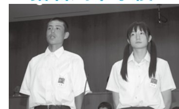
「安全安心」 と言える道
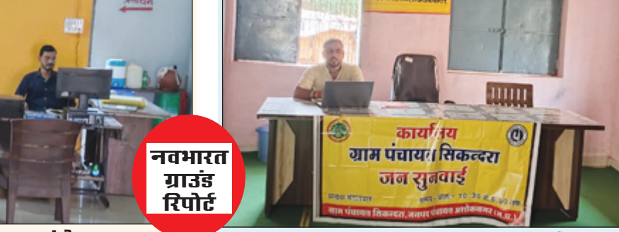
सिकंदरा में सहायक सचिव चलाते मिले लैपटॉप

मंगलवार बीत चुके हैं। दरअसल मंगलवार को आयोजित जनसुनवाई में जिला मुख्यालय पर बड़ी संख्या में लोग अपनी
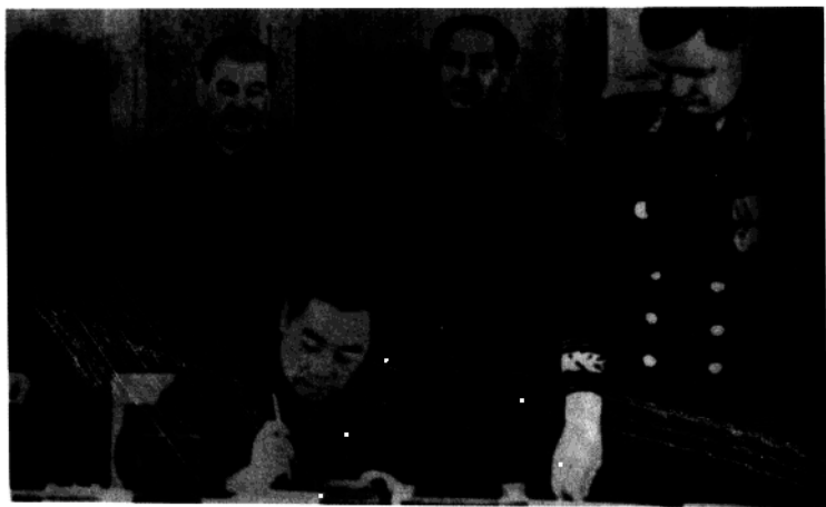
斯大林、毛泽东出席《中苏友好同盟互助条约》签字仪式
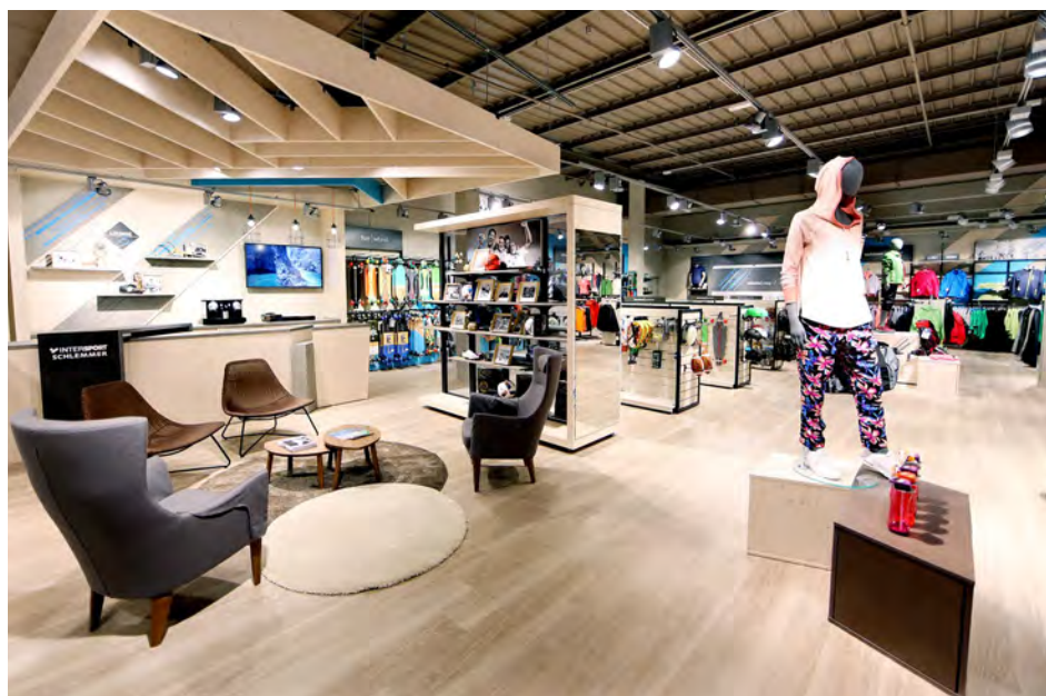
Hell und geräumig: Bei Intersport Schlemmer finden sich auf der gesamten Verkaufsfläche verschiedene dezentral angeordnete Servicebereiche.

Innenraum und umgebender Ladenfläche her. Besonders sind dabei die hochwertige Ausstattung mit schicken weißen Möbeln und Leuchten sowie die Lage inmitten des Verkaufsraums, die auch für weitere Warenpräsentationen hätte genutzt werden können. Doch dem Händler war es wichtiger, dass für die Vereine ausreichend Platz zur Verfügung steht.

---

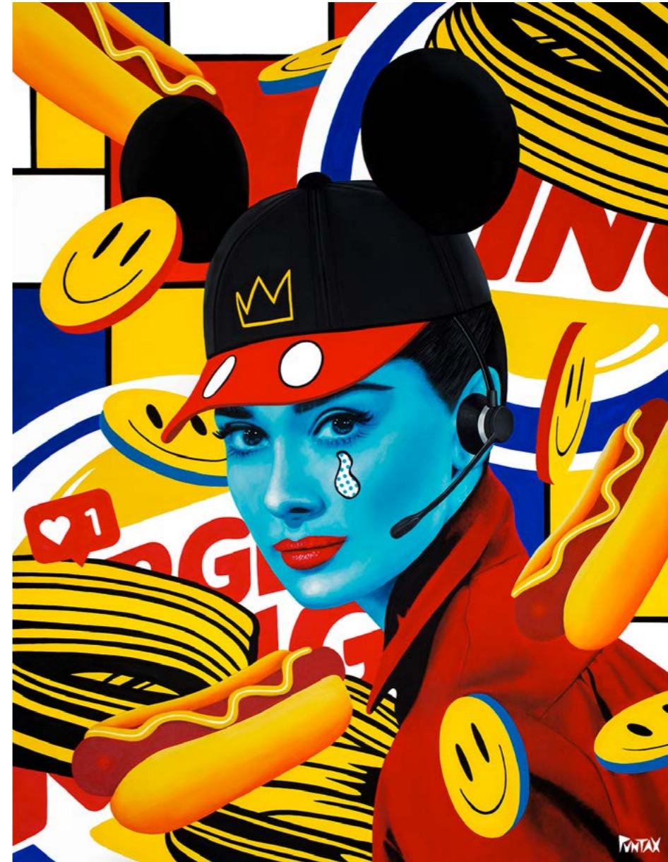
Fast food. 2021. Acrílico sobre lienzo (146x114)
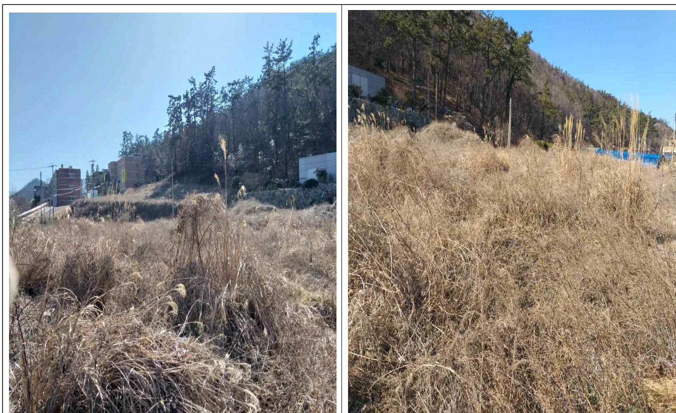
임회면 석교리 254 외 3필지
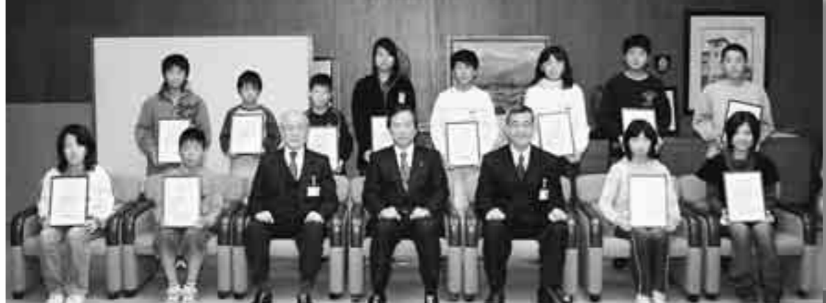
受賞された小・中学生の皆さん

==

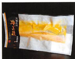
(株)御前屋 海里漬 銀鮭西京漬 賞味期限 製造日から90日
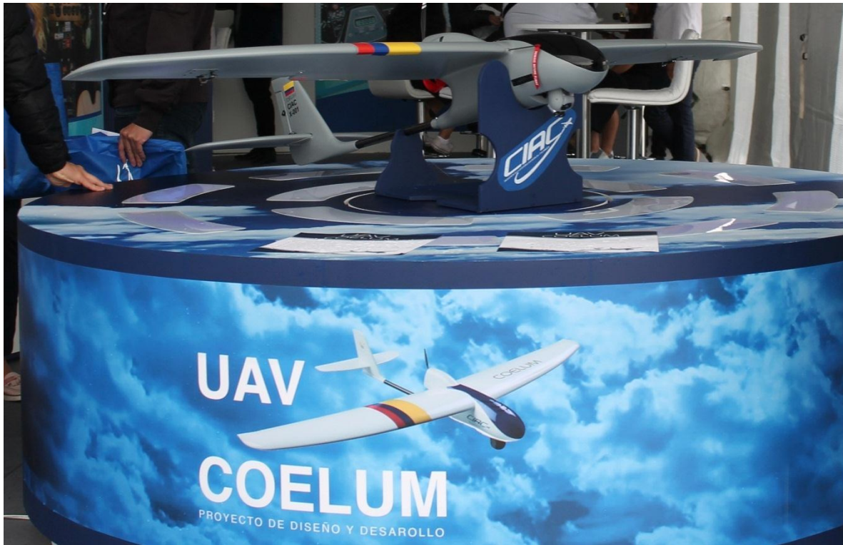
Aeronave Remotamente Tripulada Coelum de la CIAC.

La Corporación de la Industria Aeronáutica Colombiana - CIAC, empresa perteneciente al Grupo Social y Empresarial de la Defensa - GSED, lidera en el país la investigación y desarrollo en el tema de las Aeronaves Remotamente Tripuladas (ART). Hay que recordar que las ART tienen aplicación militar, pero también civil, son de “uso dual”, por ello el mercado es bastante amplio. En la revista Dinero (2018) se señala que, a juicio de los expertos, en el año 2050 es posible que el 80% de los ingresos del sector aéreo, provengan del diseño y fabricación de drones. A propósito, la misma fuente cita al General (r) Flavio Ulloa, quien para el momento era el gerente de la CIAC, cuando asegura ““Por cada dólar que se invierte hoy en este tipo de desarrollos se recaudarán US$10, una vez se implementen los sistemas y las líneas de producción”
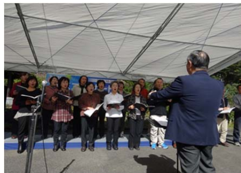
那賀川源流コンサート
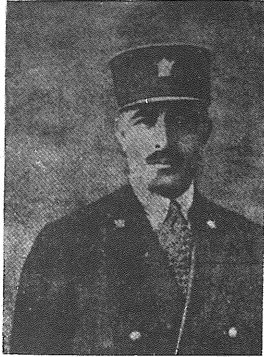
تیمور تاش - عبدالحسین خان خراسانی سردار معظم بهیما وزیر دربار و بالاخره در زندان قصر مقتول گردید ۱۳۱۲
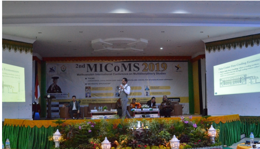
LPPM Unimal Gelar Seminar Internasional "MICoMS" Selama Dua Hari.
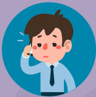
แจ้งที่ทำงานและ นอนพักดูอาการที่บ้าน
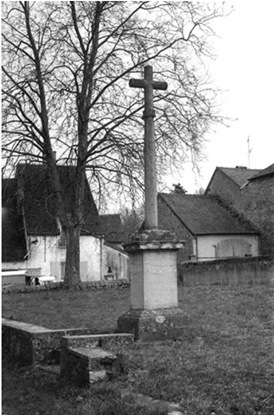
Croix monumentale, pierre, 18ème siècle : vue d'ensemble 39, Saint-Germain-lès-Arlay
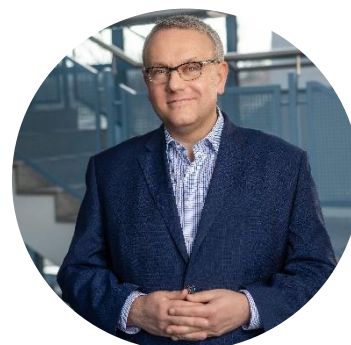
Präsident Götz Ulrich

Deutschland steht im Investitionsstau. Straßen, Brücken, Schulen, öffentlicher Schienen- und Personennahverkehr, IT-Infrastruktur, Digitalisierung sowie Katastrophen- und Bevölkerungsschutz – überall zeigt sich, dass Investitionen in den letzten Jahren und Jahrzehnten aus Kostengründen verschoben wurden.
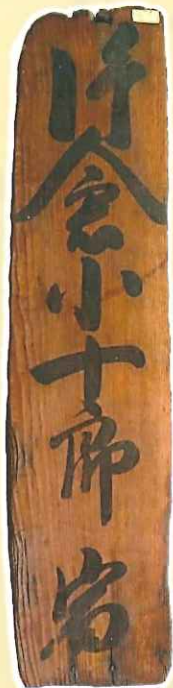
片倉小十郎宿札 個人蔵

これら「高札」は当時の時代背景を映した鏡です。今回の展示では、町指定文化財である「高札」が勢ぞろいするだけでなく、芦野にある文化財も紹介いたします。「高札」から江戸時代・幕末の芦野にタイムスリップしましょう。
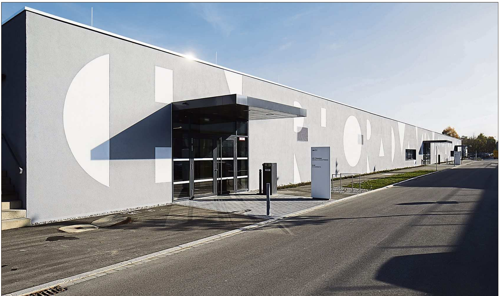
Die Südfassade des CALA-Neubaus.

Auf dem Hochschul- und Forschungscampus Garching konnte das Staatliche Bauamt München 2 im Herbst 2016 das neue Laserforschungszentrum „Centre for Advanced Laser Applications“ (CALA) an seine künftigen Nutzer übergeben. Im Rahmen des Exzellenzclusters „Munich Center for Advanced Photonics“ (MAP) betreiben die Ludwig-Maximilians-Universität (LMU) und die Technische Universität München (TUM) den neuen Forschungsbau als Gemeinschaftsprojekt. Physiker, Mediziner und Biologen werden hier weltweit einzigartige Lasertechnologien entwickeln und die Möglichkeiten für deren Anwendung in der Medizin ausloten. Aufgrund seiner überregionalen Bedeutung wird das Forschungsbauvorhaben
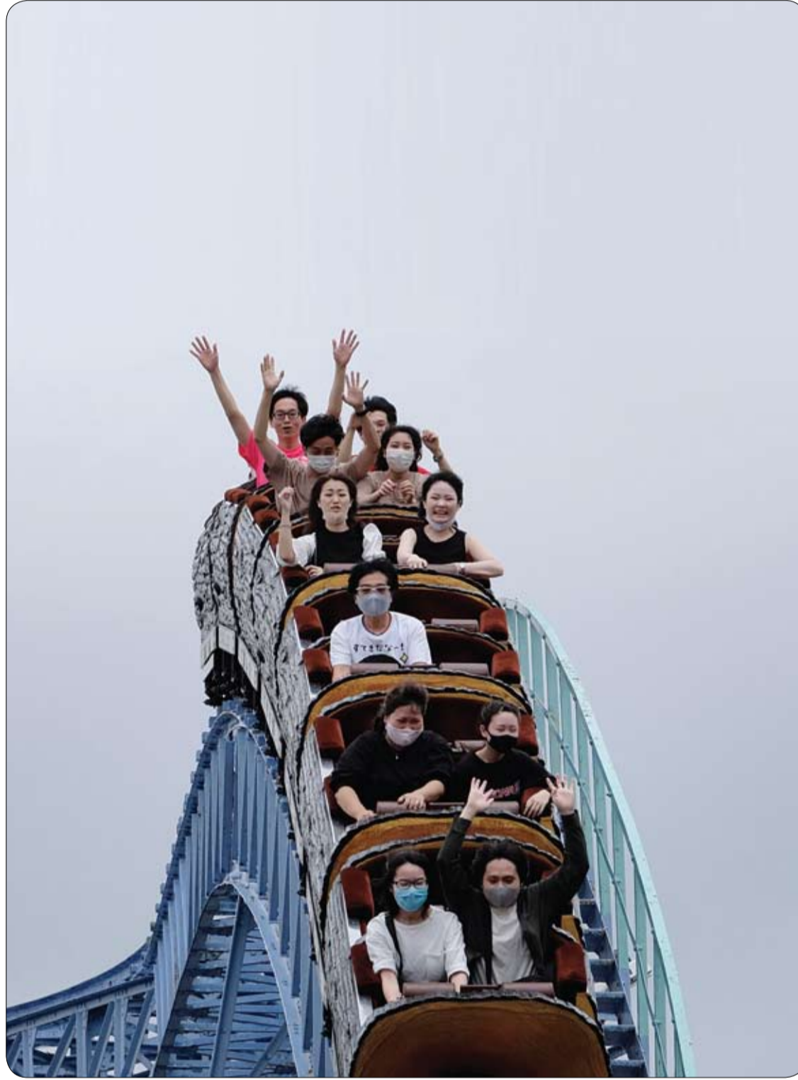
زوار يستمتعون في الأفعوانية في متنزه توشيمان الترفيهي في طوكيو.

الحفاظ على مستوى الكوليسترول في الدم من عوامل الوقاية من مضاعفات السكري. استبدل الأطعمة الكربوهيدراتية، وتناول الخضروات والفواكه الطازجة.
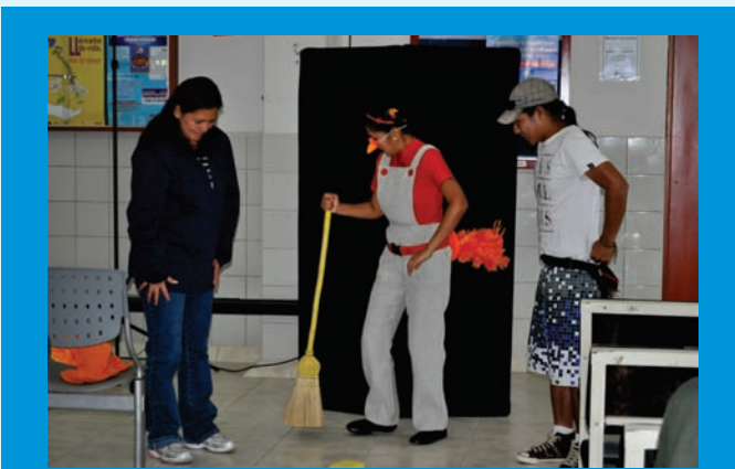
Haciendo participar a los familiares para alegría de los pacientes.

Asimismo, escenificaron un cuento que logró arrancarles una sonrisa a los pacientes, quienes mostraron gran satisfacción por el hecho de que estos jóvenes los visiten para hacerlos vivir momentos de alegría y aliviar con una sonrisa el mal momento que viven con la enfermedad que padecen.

| TASK GOAL |
If a line in the records contains "steht", report it.

| RESPONSE TO THE EXERCISE |
Innenraum und umgebender Ladenfläche her. Besonders sind dabei die hochwertige Ausstattung mit schicken weißen Möbeln und Leuchten sowie die Lage inmitten des Verkaufsraums, die auch für weitere Warenpräsentationen hätte genutzt werden können. Doch dem Händler war es wichtiger, dass für die Vereine ausreichend Platz zur Verfügung steht.
Deutschland steht im Investitionsstau. Straßen, Brücken, Schulen, öffentlicher Schienen- und Personennahverkehr, IT-Infrastruktur, Digitalisierung sowie Katastrophen- und Bevölkerungsschutz – überall zeigt sich, dass Investitionen in den letzten Jahren und Jahrzehnten aus Kostengründen verschoben wurden.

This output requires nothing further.